What project causes less effort for applications?
- A significant number of upstream prefer FFmpeg. OTOH, FFmpeg makes great
effort to provide source-code compatibility, but obviously a number of
projects only develop and test against FFmpeg, so this doesn't help.

What project is less effort for the security team?
- I'd say Libav, the security patches have significantly better commit
messages and descriptions, and generally make much more sense at least to
me. Maybe Moritz can elaborate on this.
My personal impression is that In FFmpeg, security support is handled by a
single person whose work is not exactly easy to follow.

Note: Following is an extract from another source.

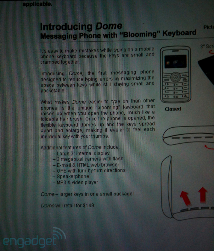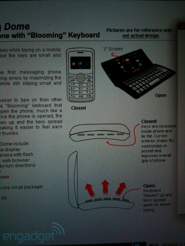 The most interesting of the recently leaked models could be "Dome", which is based on the idea of the old Nokia communicators: it seems a standard handset when closed, but after opening, we get to see its large internal display and QWERTY keyboard. This is not just any kind of QWERTY keyboard, as based on the description it has an arced design and it gets sunk into the bottom part when closed. The device, featuring a 3" display, a 3 megapixel camera, a full HTML browser and a GPS module, is expected to have a price of 149 dollars with subscription.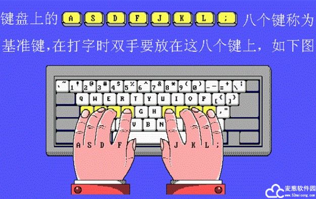 如下图,手指放在八个基本键上,两个拇指轻放在空格键上。

For me personally, this looks like a tie. I would like to think that a
high-profile, high-performance and universal multimedia codec and format
library deserves a clean code-base, clean documentation, excellent test
coverage and a steady and thorough release process. Neither Libav nor
FFmpeg achieve that fully. Libav had so much potential, but struggles with
achieving it for IMO mostly manpower reasons - working in or with FFmpeg
for some reason seems to be more attractive.

Clearly, Libav has lost a lot of its drive when it took off. This drive has
significantly diminished - significant contributors from its inception are
no longer active. I remain convinced that for the Jessie release, Libav was
the better choice. For Stretch, it is less clear. Libav seems to me like
the prudent choice, FFmpeg like the more aggressive one. I'd rather
encourage people to help with porting missing features and bugs to Libav,
because it is the cleaner and more maintainable codebase, but given that we
are all volunteers, this may or may not happen.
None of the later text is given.